Please do not say this is premature microoptimization. I want to understand, as much as it is possible given my limited knowledge, how the described SB feature and assembly works, and make sure that my code makes use of this architectural feature. Thank you for understanding.
I've started to learn intrinsics a few days ago so the answer may seem obvious to some, but I don't have a reliable source of information to figure this out.

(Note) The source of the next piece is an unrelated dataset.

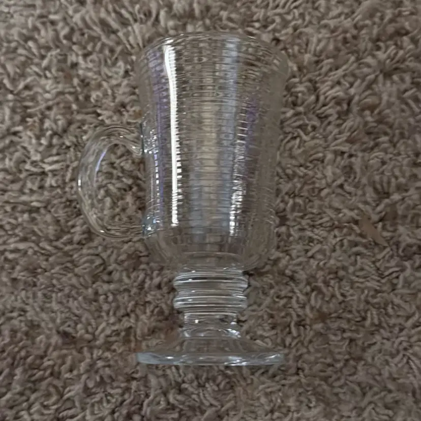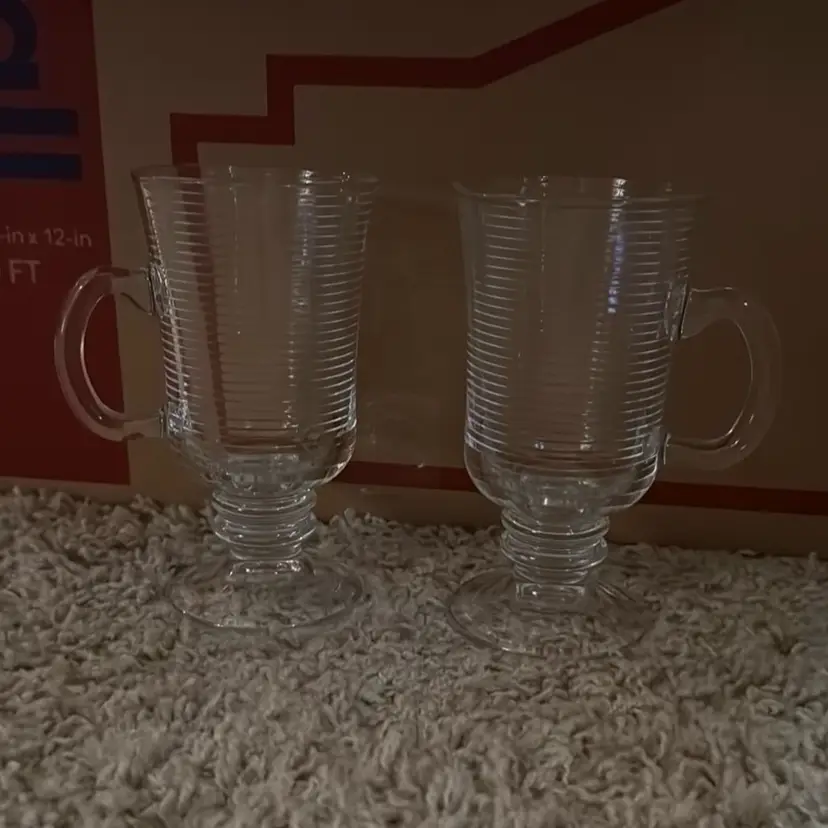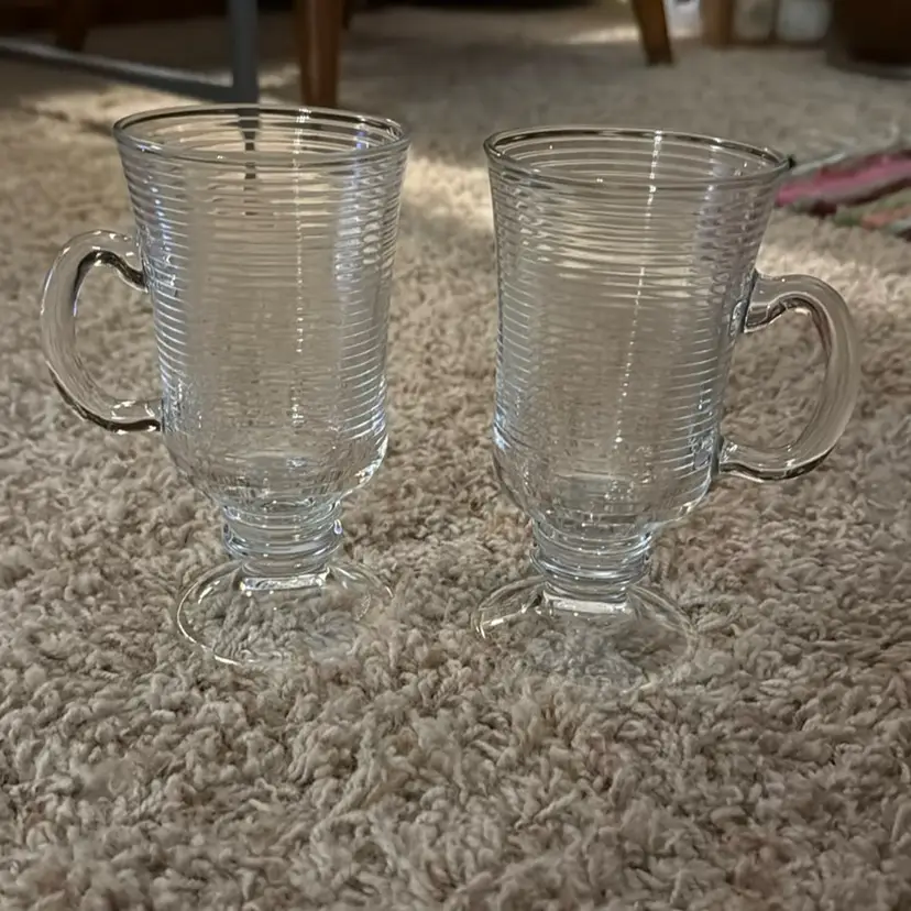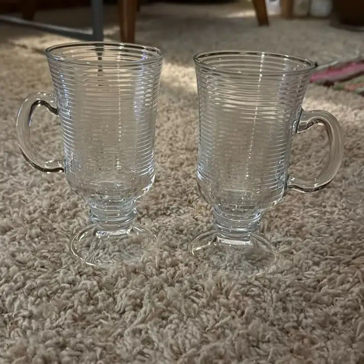 Pair of Clear Glass Ribbed Pedestal Mugs.

I need to optimize some code for a Sandy Bridge CPU (this is a requirement). Now I know that it can do one AVX multiply and one AVX add per cycle, and read this paper:
http://research.colfaxinternational.com/file.axd?file=2012%2F7%2FColfax_CPI.pdf
which shows how it can be done in C++. So, the problem is that my code won't get auto-vectorized using Intel's compiler (which is another requirement for the task), so I decided to implement it manually using intrinsics like this:
__sum1 = _mm256_setzero_pd();
__sum2 = _mm256_setzero_pd();
__sum3 = _mm256_setzero_pd();
sum = 0;
for(kk = k; kk < k + BS && kk < aW; kk+=12)
{
const double *a_addr = &A[i * aW + kk];
const double *b_addr = &newB[jj * aW + kk];
__aa1 = _mm256_load_pd((a_addr));
__bb1 = _mm256_load_pd((b_addr));
__sum1 = _mm256_add_pd(__sum1, _mm256_mul_pd(__aa1, __bb1));
__aa2 = _mm256_load_pd((a_addr + 4));
__bb2 = _mm256_load_pd((b_addr + 4));
__sum2 = _mm256_add_pd(__sum2, _mm256_mul_pd(__aa2, __bb2));
__aa3 = _mm256_load_pd((a_addr + 8));
__bb3 = _mm256_load_pd((b_addr + 8));
__sum3 = _mm256_add_pd(__sum3, _mm256_mul_pd(__aa3, __bb3));
}
__sum1 = _mm256_add_pd(__sum1, _mm256_add_pd(__sum2, __sum3));
_mm256_store_pd(&vsum[0], __sum1);
The reason I manually unroll the loop like this is explained here:
Loop unrolling to achieve maximum throughput with Ivy Bridge and Haswell
They say you need to unroll by a factor of 3 to achieve the best performance on Sandy. My naive testing confirms that this indeed runs better than without unrolling or 4-fold unrolling.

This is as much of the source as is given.